Książka tajemnica. Bo jak inaczej nazwać powieść, która jest tak zatytułowana? "Ewangelia" sugeruje religijny charakter powieści, lecz niech Was to nie zmyli. Można dojrzeć religijny charakter tylko i wyłącznie wówczas, kiedy uznamy węgorza za podstawę całego świata, kiedy zrozumiemy, że węgorz był obecny we wszystkich ważnych momentach historycznych i kiedy przyjmiemy do wiadomości, że bardzo długo stanowił niezgłębioną tajemnicę, która spędzała sen z powiek wielu naukowcom. I zapewniam Was, że po lekturze tej książki, użycie słowa „Ewangelia” wyda Wam się całkiem uzasadnione.
Jakie jest węgorz - każdy widzi. Tłusta, oślizgła ryba, pokryta śluzem, której podanie na stół wiąże się z wielogodzinnymi rytuałami umożliwiającymi jej spożycie. Długie moczenie w wodzie jest konieczne ze względu na nieprzyjemny zapach. Zabicie jej też jest straszne, a już odarcie ze skóry… brrrr. Po przeczytaniu "Ewangelii według węgorza" moje spojrzenie na tę rybę zmieniło się diametralnie. Węgorz ukazany jest w książce jako ryba tajemnicza, która bardzo długo broniła się przed wyjawieniem ludzkości swoich tajemnic. Naukowcy nie mogli dojść do tego, w jaki sposób się rozmnaża, ba - nie wiadomo było nawet jak wygląda męski osobnik tego gatunku. Węgorz przemierzał cały świat nie zdradzając człowiekowi skąd wie czy ma płynąc w stronę Ameryki, czy Europy. Węgorzowi poświęcili swoje badania Arystoteles i Freud. Każdy z nich musiał przyznać, że nie udało mu się rozwiązać węgorzowej zagadki. Co więcej - z przekazów historycznych wynika, że pierwsi amerykańscy osadnicy, wycieńczeni chorobami i podróżą, przeżyli tylko dzięki miejscowemu Indianinowi, który widząc wycieńczenie podróżników podarował im naręcze węgorzy. Pokazał im również sposób łowienia tych ryb, dzięki czemu osadnicy przez długi czas mieli zapewnione jedzenie.

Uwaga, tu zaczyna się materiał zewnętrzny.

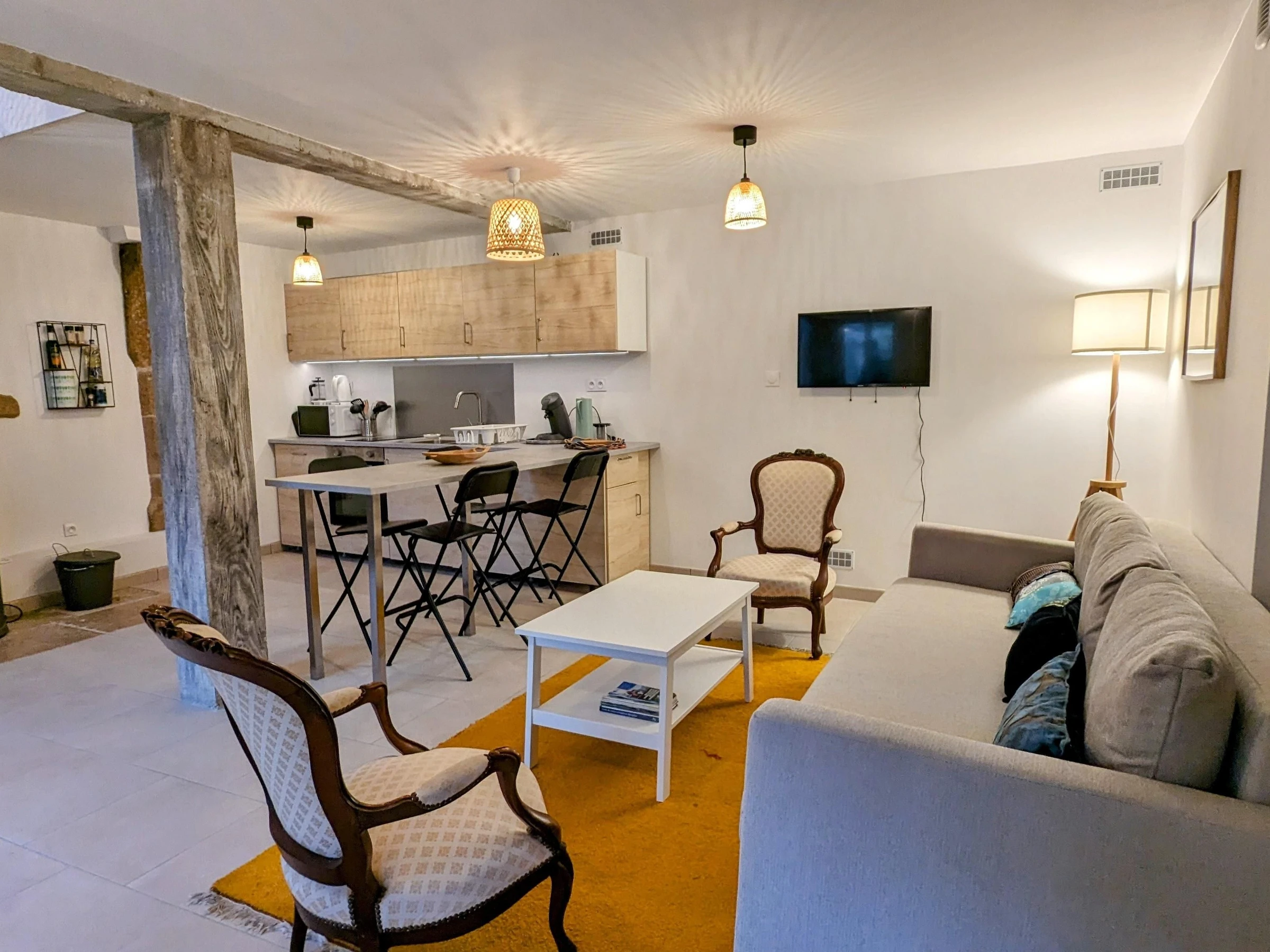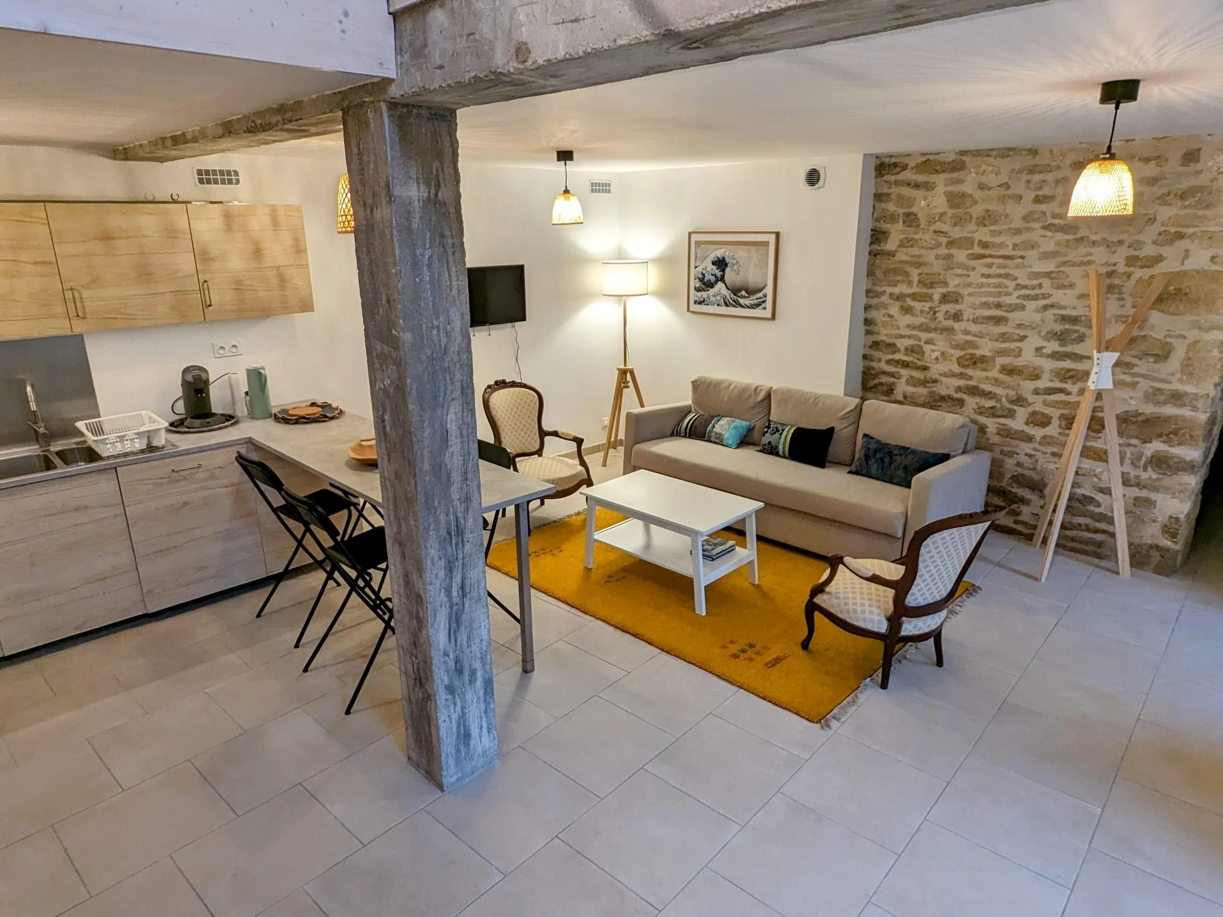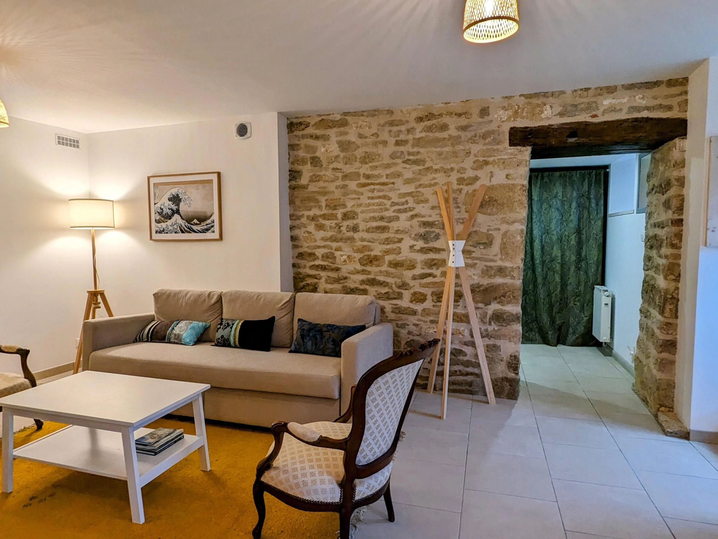 Duplex 4 personnes au pied des falaises Dans un petit village pittoresque au fond d'un vallon en demi-cercle couronné par les falaises, petite maison de caractère, entièrement rénovée avec goût, mitoyenne à la maison des propriétaires. Au rez-de-chaussée : une cuisine entièrement équipée, ouverte sur salon avec canapé convertible, TV et WIFI, une salle d'eau avec grande douche italienne, un WC indépendant. A l'étage, un palier avec bureau, une chambre avec 1 lit de 140 cm et une chambre avec 2 lits de 80 jumelables. Pas de réel extérieur (petite cour non privative de 30 m² non clos - une petite table et chaises à disposition) et façade en cour d'aménagement. Stationnement aisé dans la rue (parking public à quelques pas du gîte).

Takich historii w książce jest mnóstwo. Czytałam ją z wypiekami na twarzy nie wierząc własnym oczom. Czyżby naprawdę węgorz był tak cudowną rybą? Stworzeniem o niesamowitej woli przetrwania, wielkim instynkcie i umiejętnościami przystosowania się do zaistniałych warunków? Węgorz jawi się w tej książce jako istota myśląca, która nie daje się człowiekowi wpisać w żadne ramy. Przez cały czas broni się i ciągle nas zaskakuje.
Te zbiory wiedzy i ciekawostek przeplatane są wspomnieniami autora na temat wspólnych połowów z ojcem. I właśnie te fragmenty budują niesamowitą, tajemniczą, wręcz metafizyczną atmosferę. Bo z jednej strony mamy opisy złożoności życia węgorzy, a z drugiej wiejską rzekę i dwójkę ludzi w kaloszach, którzy robią kulę z żywych dżdżownic i w ten sposób zastawiają pułapkę na węgorza. Wielkie spotyka się z małym, a codzienność z cudem.
To teraz przyszedł czas na minus. Powieść jest dość długa i przy takim natłoku informacji chwilami dość nużąca. Nie oznacza to, że miałam ochotę odłożyć ją na bok, ale niewątpliwie kilka razy potrzebowałam oddechu. Wspomnienia autora, które emanowały sielanką domu rodzinnego, spokojem wsi i tęsknotą za ojcem czytałam bardzo chętnie. Przydługie opisy związane z poznawaniem płci węgorza, czy też z jego ochroną, szły mi nieco gorzej. Niewątpliwie jednak to książka, którą należy przeczytać. Dlaczego? Dlatego, że jest jedyna w swoim rodzaju. Nigdy podobnej nie czytałam i myślę, że na księgarskim rynku podobnej już nie znajdziemy. Warto poznać węgorza i się z nim zaprzyjaźnić.
Tytuł ekstrawagancki i - jak widzę - książka też. Raczej nie jest to lektura dla mnie i zapewne po nią nie sięgnę, ale na pewno to pozycja nietypowa i przez to już godna uwagi. Dobrze wiedzieć, że takowa istnieje. Pozdrawiam.